If X = (𝖬_n(ℝ),‖⋅‖_X) is a unitarily invariant normed space, i.e., ‖𝖴𝖠𝖵‖_X = ‖𝖠‖_X for every matrix 𝖠 ∈ 𝖬_n(ℝ) and every two orthogonal matrices 𝖴,𝖵 ∈ 𝖬_n(ℝ), then we evaluate up to universal constant factors the smallest σ > 0 for which there is a probability distribution over partitions of X into clusters of diameter at most 1 yet for every two matrices 𝖠,𝖡 ∈ 𝖬_n(ℝ) the probability that they fall into distinct clusters is at most σ times the X-distance between 𝖠 and 𝖡. Specifically, we prove that this infimal σ, which is called the separation modulus of X and is denoted SEP(X), satisfies:
(1)   SEP(X) = Θ(√n⋅ ‖𝖨_n‖_X⋅ diam(B_X)), 
where 𝖨_n is the n-by-n identity matrix and diam(B_X) is the diameter with respect to the standard Euclidean metric on 𝖬_n(ℝ) of the unit ball B_ X of X. Our proof of (1) proceeds through an asymptotic evaluation of the spectral gap of the Laplacian with Dirichlet boundary conditions on B_ X, which we achieve by exact computations for a Jacobi orthogonal random matrix ensemble.
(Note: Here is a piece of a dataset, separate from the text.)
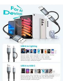 Cavo USB C Light-ning Spirale, 【0.6m-1.5m】 2 in 1 Multi MFI Cavo Light-ning e Cavo USB A a USB C compatibile con iPhone 16/15/14/13, Google Pixel 8, Xiaomi-Grigio
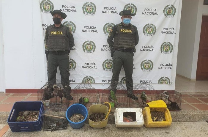 "Dentro de las especies rescatadas se encuentran 01 guacamaya polluelo, 03 tucanes polluelos, 02 tucanes adultos, 01 loro, 01 loro cheja, 01 gavilán pollero, 05 Tití cabeciblanco y 22 morrocoy. Desafortunadamente en muchos municipios de Bolívar, por cultura y costumbres aún se realiza la práctica de tener fauna silvestre en los hogares como mascotas, sobre todo aves y reptiles que son muy demandados y que fomentan el tráfico ilegal de fauna silvestre", dice la Policía.

Assuming oracle access to norm evaluations in X, by combining (1) with a new deterministic algorithm for a O(1)-approximation of the diameter of convex bodies in ℝⁿ that are given by a weak membership oracle and are symmetric with respect to coordinate permutations and reflections about the standard axes (this task is famously known to be impossible in the absence of such symmetries), we get an oracle polynomial time algorithm whose output is the separation modulus of X up to universal constant factors. Another example of a consequence of (1) is that for each m ∈ {1,…,n} the separation modulus of the m'th Ky Fan norm on 𝖬_n(ℝ) is bounded from above and from below by universal constant multiples of m√n if m ⩾ √n, and of n if m ⩽ √n. We also deduce from (1) an upper bound on the Lipschitz extension modulus of X that improves over the previously best-known bound even in the special case when X is 𝖬_n(ℝ) equipped with the 𝓁₂ⁿ → 𝓁₂ⁿ operator norm.

Cite As Get BibTex

Mustafa Alper Gunes and Assaf Naor. Optimal Randomized Clustering of Matrices. In 42nd International Symposium on Computational Geometry (SoCG 2026). Leibniz International Proceedings in Informatics (LIPIcs), Volume 367, pp. 56:1-56:18, Schloss Dagstuhl – Leibniz-Zentrum für Informatik (2026) https://doi.org/10.4230/LIPIcs.SoCG.2026.56

Author Details

Mustafa Alper Gunes
  • Department of Mathematics, Princeton University, NJ, USA
Assaf Naor
  • Department of Mathematics, Princeton University, NJ, USA

Funding

  • Naor, Assaf: supported by NSF grant DMS-2453936, BSF grant 2018223, and a Simons Investigator award.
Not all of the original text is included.